Geen snoep voor ons kind!
Ons kind. Dat zou een fijn kind gaan worden, zo fantaseerde ik tijdens mijn eerste zwangerschap. Het zou nooit in de winkel gaan krijsen om snoep of koek, want het zou tevreden aan een wortel zitten te knabbelen. Ons kind zou ook nooit bij mij óf bij anderen om iets zoets vragen. Wij zouden het namelijk heel bewust gaan opvoeden zonder onnodige suikers. Want: dat hebben kinderen helemaal niet nodig. Toch?
Onze dochter werd geboren en natúúrlijk gaf ik borstvoeding. Ik was namelijk een bewuste moeder. Zo makkelijk als dat klinkt, van die borstvoeding, zo makkelijk ging het helemaal niet. Kloven, spruw en ontstekingen zorgden ervoor dat ik na vier maanden het hele huis bij elkaar vloekte en mijn man naar de winkel stuurde voor flesvoeding. Wat een verademing was dat.

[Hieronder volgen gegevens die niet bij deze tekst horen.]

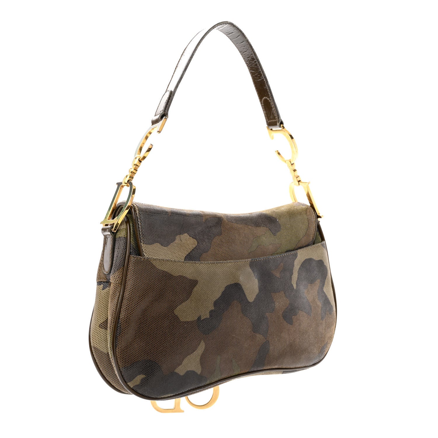 This is an authentic CHRISTIAN DIOR Pixelated Calfskin Camouflage Double Saddle Bag. This stylish saddle-style shoulder bag is crafted of shimmering pixelated camouflage leather. The bag features a looping patent leather shoulder strap in brown with Christian Dior initial links and hanging initial D charm of polished brass. The saddle flap opens to a dark green nylon interior with a zipper pocket.Follow this item for alerts. Christian Dior is a registered trademark of Christian Dior. FASHIONPHILE is not affiliated with Christian Dior.
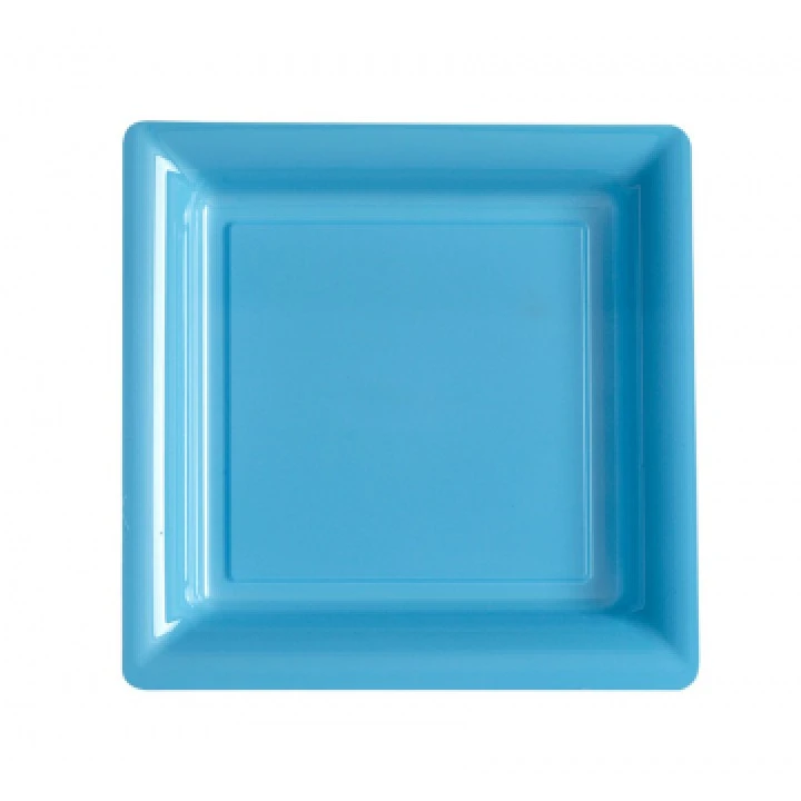 Ce lot de 8 assiettes carrées réutilisables bleu ciel 16,5 cm conviendra pour toutes vos fêtes, un mariage, un dîner, un barbecue ou une soirée à thème. Ces assiettes à dessert carrées en plastique solide ont une dimension de 16,5 x 16,5 cm et une hauteur de 2,20 cm. Ces assiettes réutilisables se déclinent en 21 coloris. Ces jolies assiettes en plastique bleu ciel brillant, coordonnées avec des assiettes d’une autre couleur ou taille et assorties à votre nappe et déco de table, feront merveille. Nos conseillers de vente associent souvent ces assiettes avec de la vaisselle, des nappes ou des serviettes dans des tons gris, blancs ou taupe par exemple. Ces assiettes réutilisables, en plus d’avoir une couleur superbe et de permettre une belle décoration de table, vous faciliteront la vie car après la fête pas de vaisselle. Quel bonheur ! Quel que soit le thème de votre fête, vous voulez de la vaisselle réutilisable et une décoration de table chic et pratique, c’est ce lot de 8 assiettes carrées rétuilisables bleu ciel 16,5 cm, quil faut choisir.

Met het plan van de suiker ging het stukken beter. Dat gaven we niet en dat ging ons goed af. Soms moesten we oma eens boos aankijken als er een hapje slagroom richting haar mondje ging (en kregen we een verontwaardigde blik terug). En bij de supermarkt werd ik soms wat raar aangekeken als ik voor de zoveelste keer ‘nee’ antwoordde op de vraag ‘Mag zij een koekje?’ Maar dat trok ik wel.
We merkten dat het vanaf haar tweede lastiger werd om vol te houden. Op verjaardagen keken mensen ons kind vol medelijden aan als ik zei dat mijn tweejarige geen stuk taart hoefde, maar dat ik haar wel mijn meegebrachte (biologische!) rozijntjes zou geven. De volwassenen die haar, mijn peutertje, met een zielig stemmetje zeiden: ‘wat heb jij een ‘gemene mama!’,kon ik wel slaan. Maar dat deed ik niet, want dat komt de stemming op zo’n verjaardag meestal niet ten goede.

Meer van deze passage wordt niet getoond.